Tuesday 16 December 2014

Remembering The Homeless This Christmas


With just over a week to go until Christmas Day, my thoughts have turned to those people less fortunate, who may be spending their Christmas sleeping rough, relying on the hospitality of charities for their festive meal and drop in centres for temporary shelter to keep warm,  if they are luck enough to secure a bed.

Earlier this year I too experienced financial hardship for a few months and was struggling to pay my mortgage. This was on top of dealing with emotional turmoil following the first anniversary of my dad's death back in January, followed by the breakdown of a relationship in February which ended badly and not helped by a chain of events that followed. This all had a huge negative impact on me at the time. Things happened that I could never of predicted and planned for in advance. But I managed to get through that dark period, highlighting a inner strength that sometimes we don't know we have hidden deep inside. 

I now work as a contractor, earning more as a freelancer than I ever have before and the turmoil of the first half of 2013 is firmly behind me for now. But I will always remember the experience and it has taught me a lot about self-survival.  Through hard times we may lose a lover or two and shed a few friends but as a result we fight on and become stronger. We attract the right people who bring positives rather than negatives into our lives. 

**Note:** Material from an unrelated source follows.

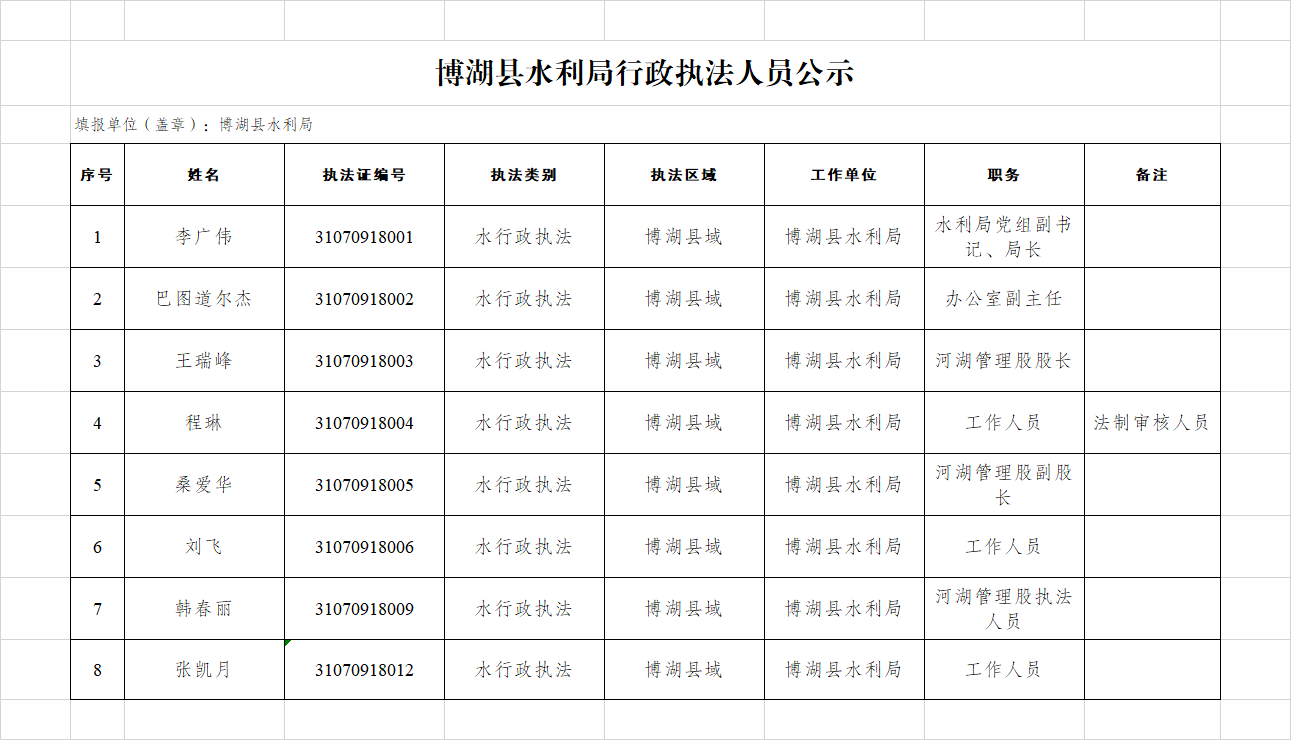 博湖县水利局行政执法人员公示

So, as Christmas Eve draws closer, lets be thankful for what we have in our lives now, our health, a roof over our heads, a job, family and friends and reflect on those people who don't have these things we take for granted in their lives and have no choice but to sleep rough on our streets.  

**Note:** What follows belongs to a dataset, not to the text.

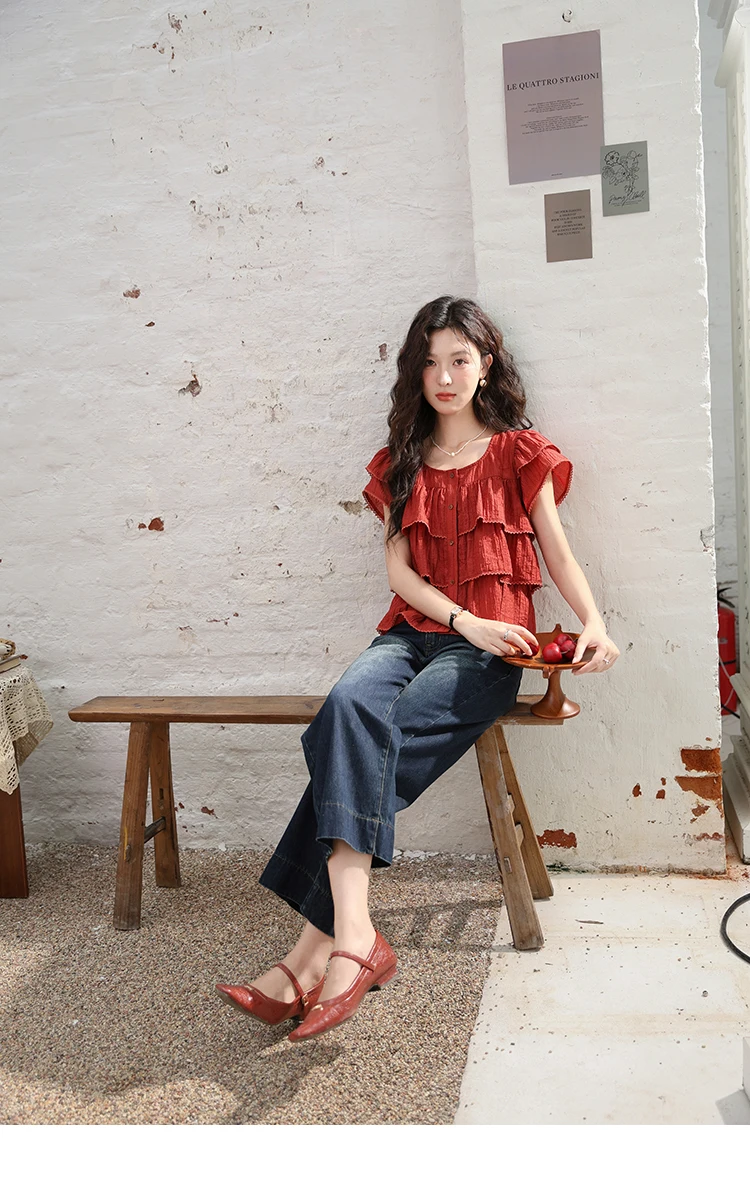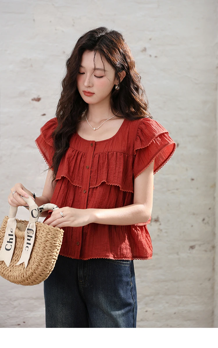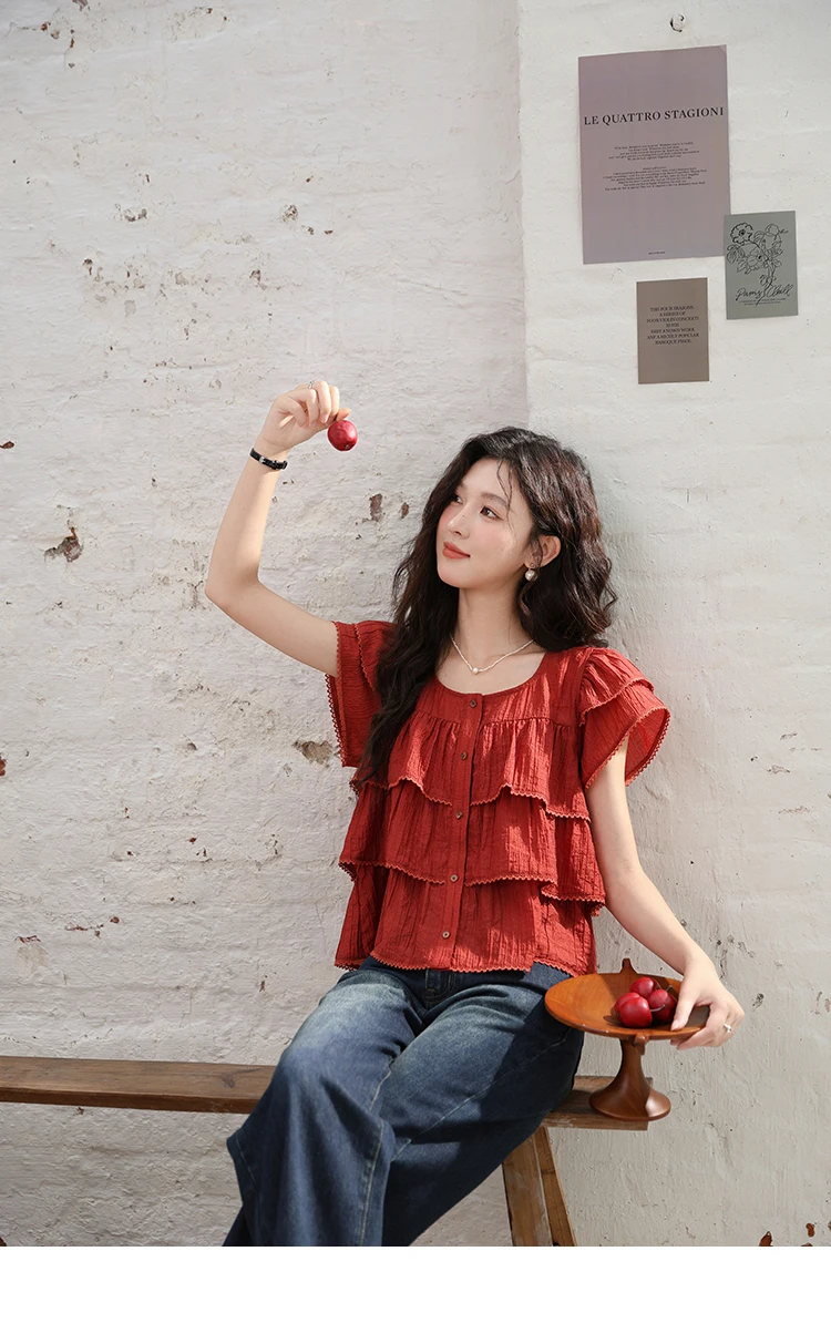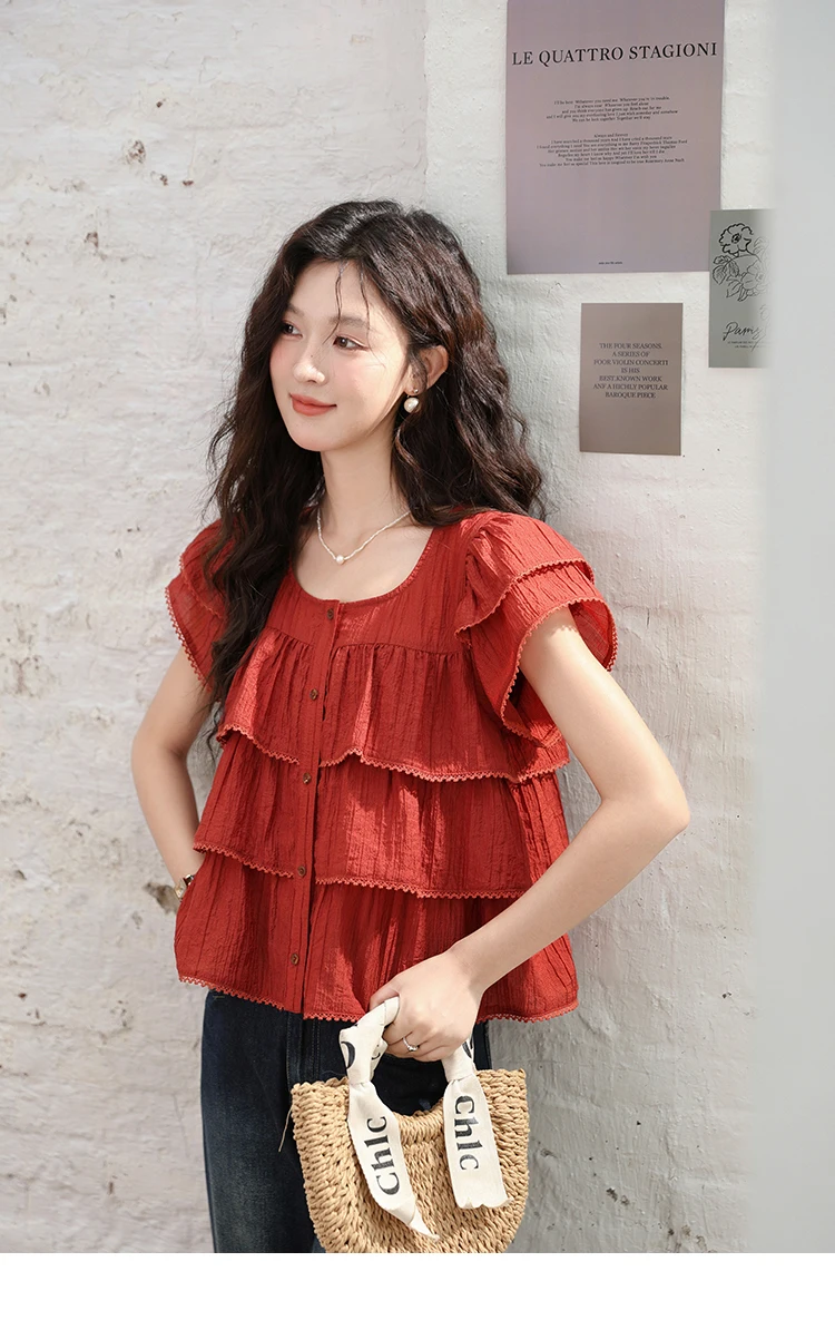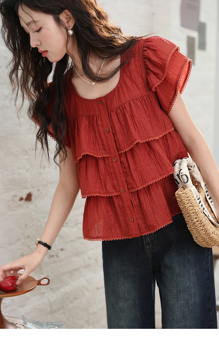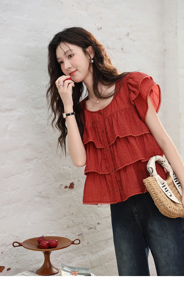 MISHOW Women's French Square Collar Blouses 2024 Summer Retro Red Ruffle Lace Cake Top Puff Sleeve Solid Sweet Blouse MXD30X1488

Below is a poem I wrote in September after my own personal experiences of financial hardship and following a trip to a art gallery one lunchtime at work to view an exhibition of dog drawings, sketched by a talented artist who was sleeping rough on the streets of London with his beloved pet.

Homeless

The world seems so small as I look at your feet,
I sleep on cardboard, each day struggling to eat,
Lovers and friends gone, I see my family no more,
No shoes to walk in, my feet swollen and sore,

Your footsteps are cannons, you blow me out,
Everyone's a critic, what are you all about?
I look up in thirst as you spit on the ground.
You pat my dog but don't drop me a pound.

I am a nobody to you, I can see it in your eyes,
But once I was a somebody, is that a surprise?
A job in the City, a house in the countryside,
I dream of survival as I sleep with my pride.

I draw on experiences, canvases filled with strife,
Artwork on gallery walls, an ambition of life.
Money in my pocket, a room for the night,
I will always remember you, a future so bright.